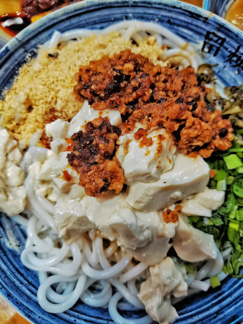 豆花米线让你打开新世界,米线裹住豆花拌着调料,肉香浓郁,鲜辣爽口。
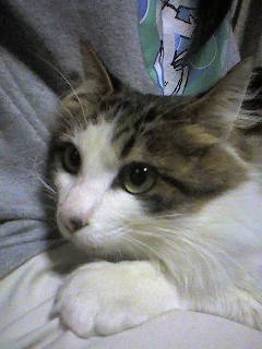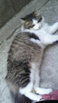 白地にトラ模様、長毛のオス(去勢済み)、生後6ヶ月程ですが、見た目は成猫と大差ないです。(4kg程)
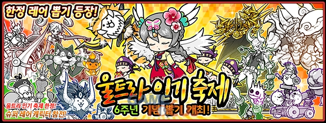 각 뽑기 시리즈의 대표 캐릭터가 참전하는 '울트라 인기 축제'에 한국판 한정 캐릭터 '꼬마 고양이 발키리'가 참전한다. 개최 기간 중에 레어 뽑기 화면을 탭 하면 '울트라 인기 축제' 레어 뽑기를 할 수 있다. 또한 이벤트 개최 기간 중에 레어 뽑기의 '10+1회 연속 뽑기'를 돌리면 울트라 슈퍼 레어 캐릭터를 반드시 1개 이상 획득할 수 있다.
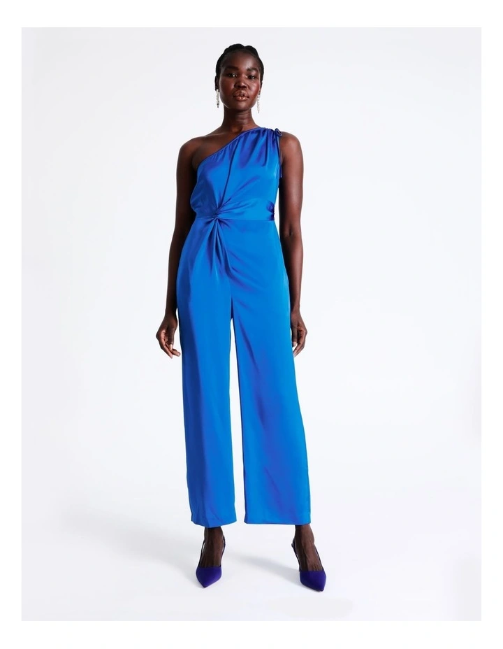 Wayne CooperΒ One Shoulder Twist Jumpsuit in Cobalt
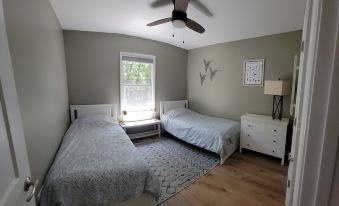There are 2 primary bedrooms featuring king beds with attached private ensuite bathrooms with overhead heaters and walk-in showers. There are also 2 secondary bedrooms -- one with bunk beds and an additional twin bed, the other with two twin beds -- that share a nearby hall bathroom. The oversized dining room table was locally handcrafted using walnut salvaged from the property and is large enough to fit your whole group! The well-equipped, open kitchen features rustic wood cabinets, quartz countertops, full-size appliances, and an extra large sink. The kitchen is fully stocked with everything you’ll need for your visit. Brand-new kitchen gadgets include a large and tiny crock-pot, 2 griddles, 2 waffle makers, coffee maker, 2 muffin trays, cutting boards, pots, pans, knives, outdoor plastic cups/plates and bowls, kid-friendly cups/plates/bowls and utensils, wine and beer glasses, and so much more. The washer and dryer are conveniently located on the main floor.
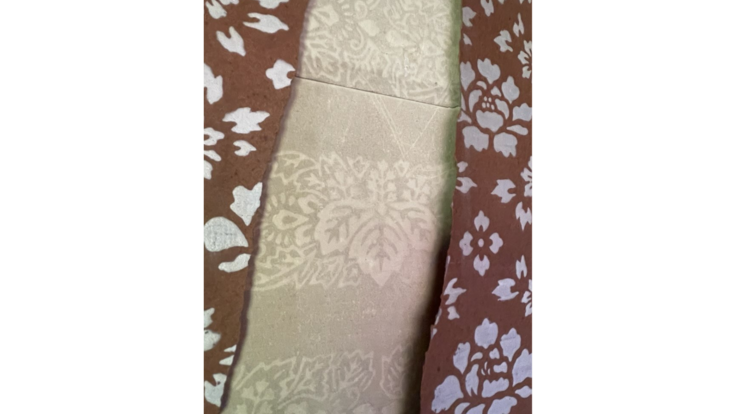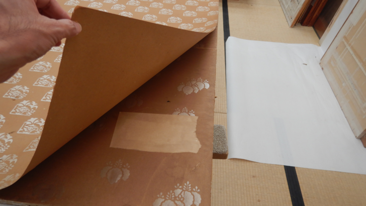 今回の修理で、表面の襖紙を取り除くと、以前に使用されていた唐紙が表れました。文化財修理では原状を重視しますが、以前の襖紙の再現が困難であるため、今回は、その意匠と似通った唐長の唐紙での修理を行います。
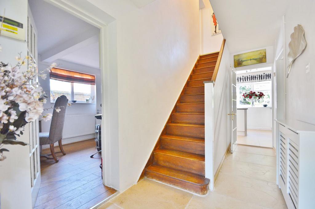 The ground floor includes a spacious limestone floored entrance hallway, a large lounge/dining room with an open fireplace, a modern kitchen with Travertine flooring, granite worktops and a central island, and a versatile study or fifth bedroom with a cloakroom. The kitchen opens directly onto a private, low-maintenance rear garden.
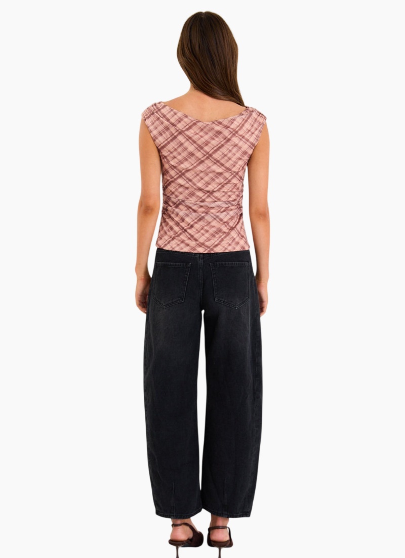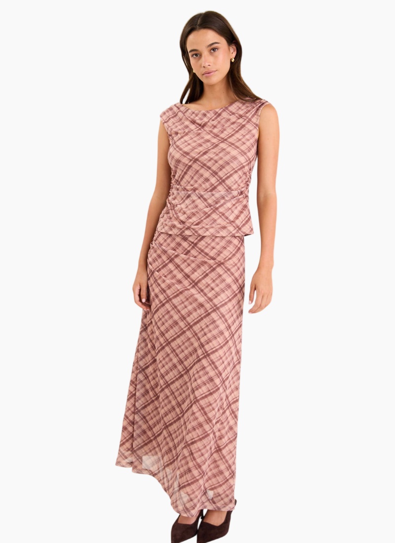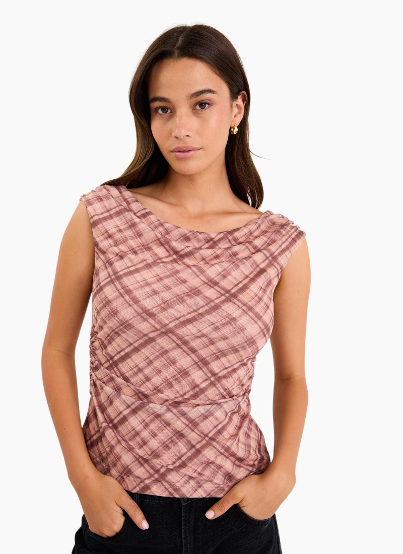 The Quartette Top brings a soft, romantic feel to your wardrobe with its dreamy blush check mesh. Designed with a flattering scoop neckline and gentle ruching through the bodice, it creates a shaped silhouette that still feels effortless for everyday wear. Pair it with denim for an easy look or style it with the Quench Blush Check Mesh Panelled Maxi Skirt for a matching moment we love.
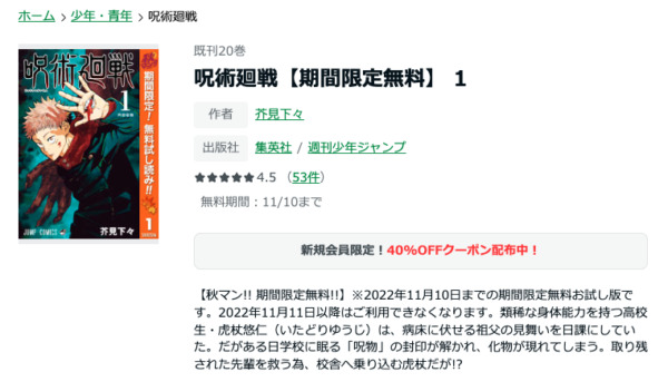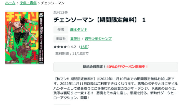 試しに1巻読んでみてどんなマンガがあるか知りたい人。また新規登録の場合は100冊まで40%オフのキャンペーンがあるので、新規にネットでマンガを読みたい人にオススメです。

> _THE TASK_
Would you copy out, exactly and with no pictures, only the lines above from the one that contains "白地にトラ模様、長毛のオス(去勢済み)、" through the one that contains "Wayne CooperΒ One"?

> _RESPONSE FOR THIS EXERCISE_
 白地にトラ模様、長毛のオス(去勢済み)、生後6ヶ月程ですが、見た目は成猫と大差ないです。(4kg程)
 각 뽑기 시리즈의 대표 캐릭터가 참전하는 '울트라 인기 축제'에 한국판 한정 캐릭터 '꼬마 고양이 발키리'가 참전한다. 개최 기간 중에 레어 뽑기 화면을 탭 하면 '울트라 인기 축제' 레어 뽑기를 할 수 있다. 또한 이벤트 개최 기간 중에 레어 뽑기의 '10+1회 연속 뽑기'를 돌리면 울트라 슈퍼 레어 캐릭터를 반드시 1개 이상 획득할 수 있다.
 Wayne CooperΒ One Shoulder Twist Jumpsuit in Cobalt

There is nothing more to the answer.